▸ WHAT IS NEEDED
Would you transcribe the whole listing exactly and drop its images?

▸ INPUT DATA
>>>>
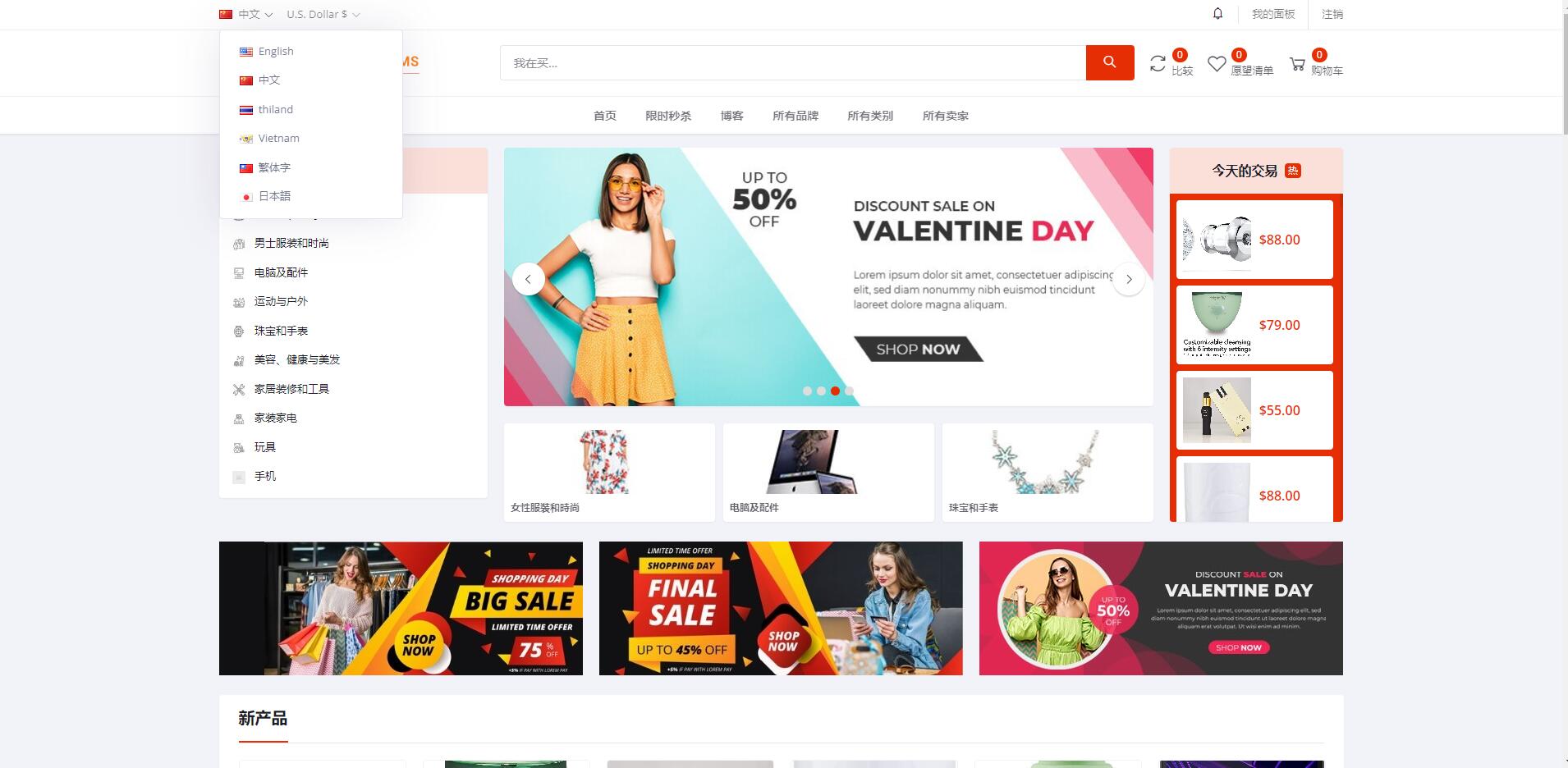 多语言海外电商系统,前端多种语言切换,支持后台添加任意语言
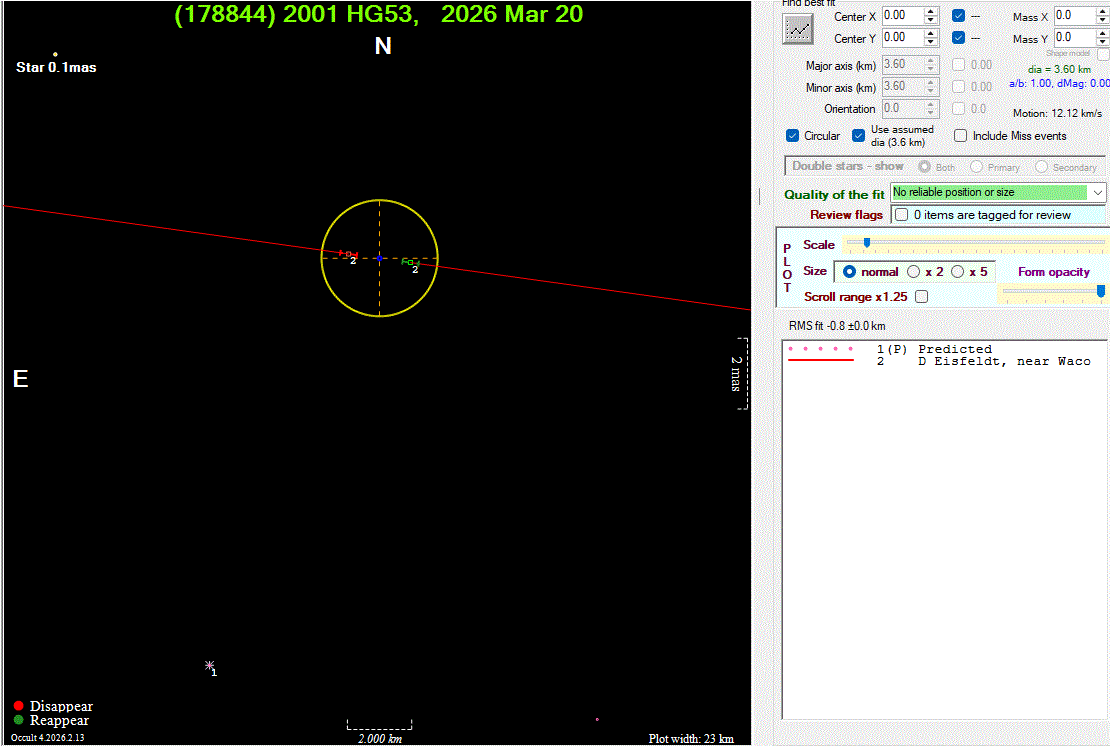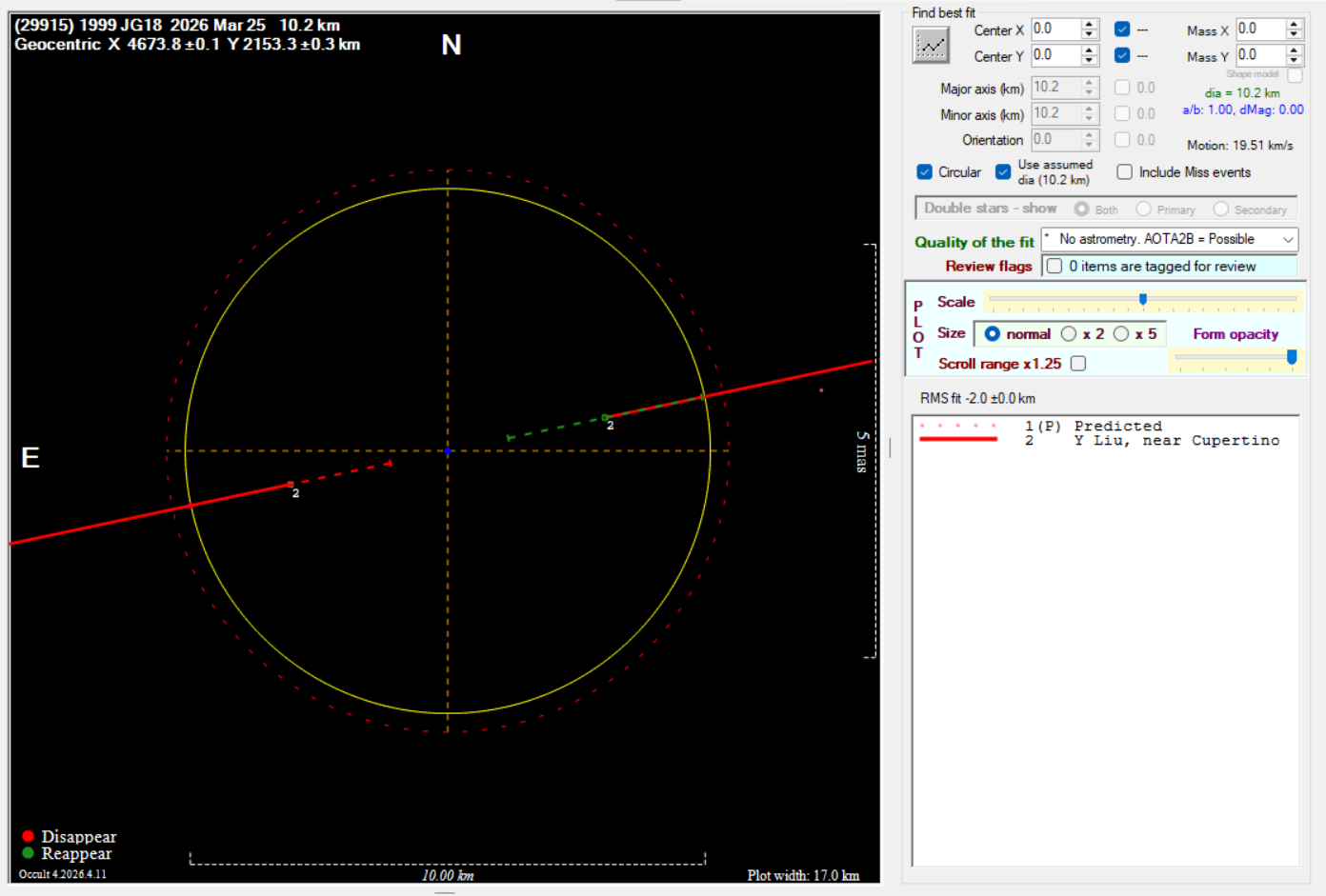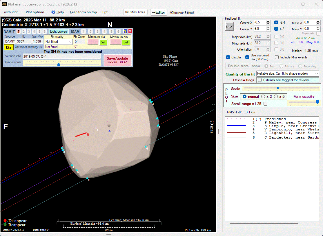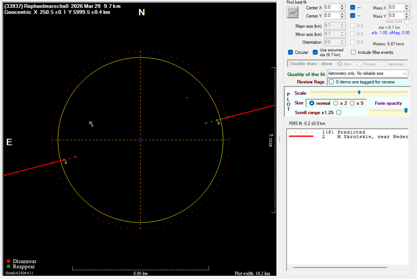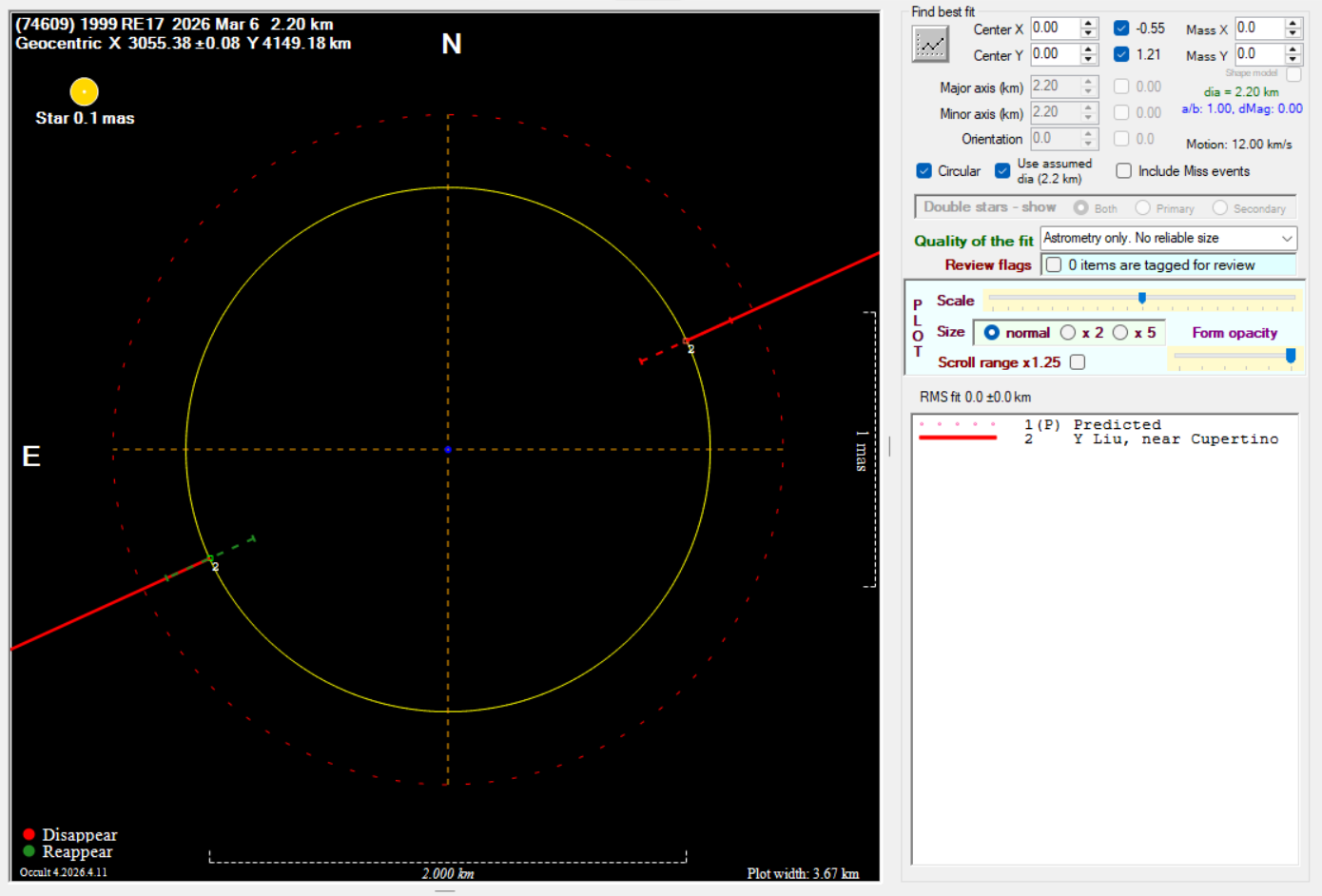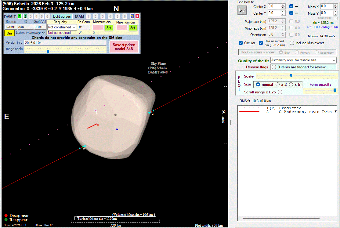 The true size/shape of an asteroid in 3-dimensions cannot be determined from a single occultation.
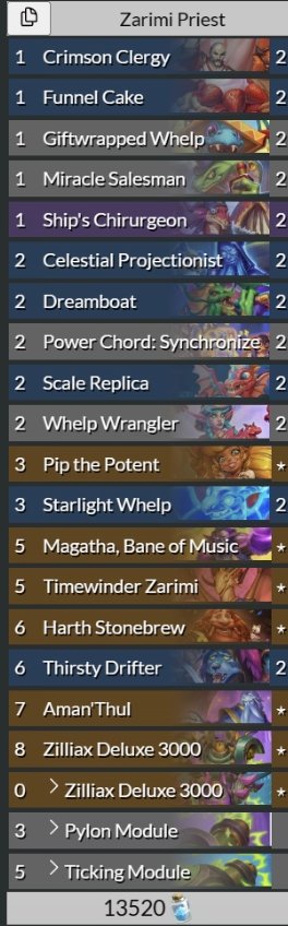 第一套是d0nkey上钻石到传说分胜率最高的构筑,对局思路是前期找龙、拍怪尤其是1费的怪,来为口渴的流浪者减费,方便开门后的铺场斩杀,对照鳞摹稳定抽微缩龙,满足开门、场攻两个条件就可以拿下胜利。
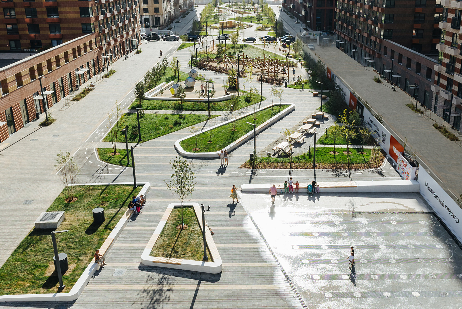 В Матвеевском кластере в Москве, который объединил четыре жилых квартала ПИК, открыли пешеходный бульвар и фонтан с ночной подсветкой. Новое пространство по проекту британского бюро Gillespies станет прекрасным местом для отдыха и активного времяпрепровождения всей семьи.
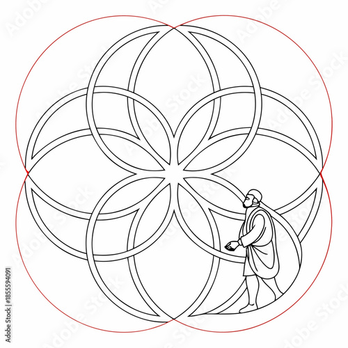 Fototapeta premium Intersecting arches forming abstract spiritual shape with figure
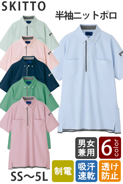 ノンストレスな着心地のこだわりニット半袖シャツ。男女兼用SS~5Lサイズ。元気の出る明るい3色展開。細めのストライプが爽やかで好印象を与えてくれます。胸元と袖のグレンチェック柄もアクセントです。どんな動きにも合わせて伸びてくれるぐ~んと伸びるニット素材。毎日のお仕事をサポートしてくれるきちんと見えて動けるユニフォームです。清掃・介護・幼稚園・保育園などにオススメです。
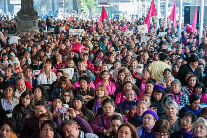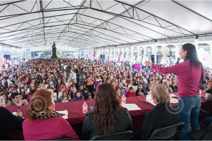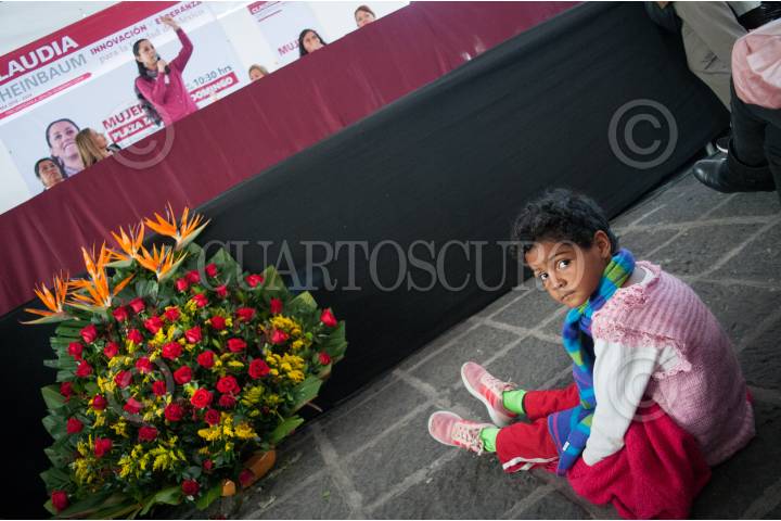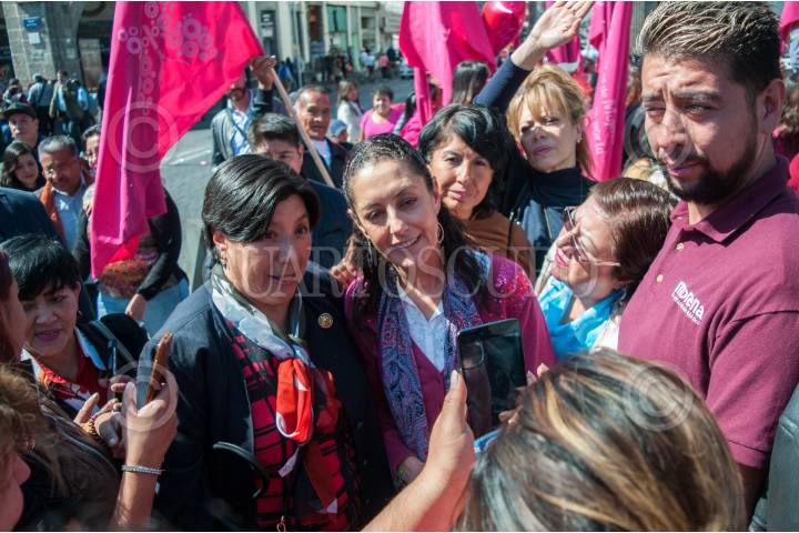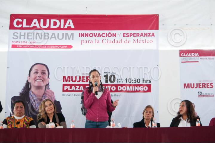 CIUDAD DE MÉXICO, 10ENERO2018.- Claudia Sheinbaum, precandidata por Morena al gobierno de la ciudad, encabezó un encuentro con mujeres capitalinas en la Plaza de Santo Domingo, como parte de sus actividades proselitistas. Durante el acto, asistió FOTO: DIEGO SIMÓN SÁNCHEZ /CUARTOSCURO.COM
<<<<
▸ SOLUTION
 多语言海外电商系统,前端多种语言切换,支持后台添加任意语言
 The true size/shape of an asteroid in 3-dimensions cannot be determined from a single occultation.
 第一套是d0nkey上钻石到传说分胜率最高的构筑,对局思路是前期找龙、拍怪尤其是1费的怪,来为口渴的流浪者减费,方便开门后的铺场斩杀,对照鳞摹稳定抽微缩龙,满足开门、场攻两个条件就可以拿下胜利。
 В Матвеевском кластере в Москве, который объединил четыре жилых квартала ПИК, открыли пешеходный бульвар и фонтан с ночной подсветкой. Новое пространство по проекту британского бюро Gillespies станет прекрасным местом для отдыха и активного времяпрепровождения всей семьи.
 Fototapeta premium Intersecting arches forming abstract spiritual shape with figure
 ノンストレスな着心地のこだわりニット半袖シャツ。男女兼用SS~5Lサイズ。元気の出る明るい3色展開。細めのストライプが爽やかで好印象を与えてくれます。胸元と袖のグレンチェック柄もアクセントです。どんな動きにも合わせて伸びてくれるぐ~んと伸びるニット素材。毎日のお仕事をサポートしてくれるきちんと見えて動けるユニフォームです。清掃・介護・幼稚園・保育園などにオススメです。
 CIUDAD DE MÉXICO, 10ENERO2018.- Claudia Sheinbaum, precandidata por Morena al gobierno de la ciudad, encabezó un encuentro con mujeres capitalinas en la Plaza de Santo Domingo, como parte de sus actividades proselitistas. Durante el acto, asistió FOTO: DIEGO SIMÓN SÁNCHEZ /CUARTOSCURO.COM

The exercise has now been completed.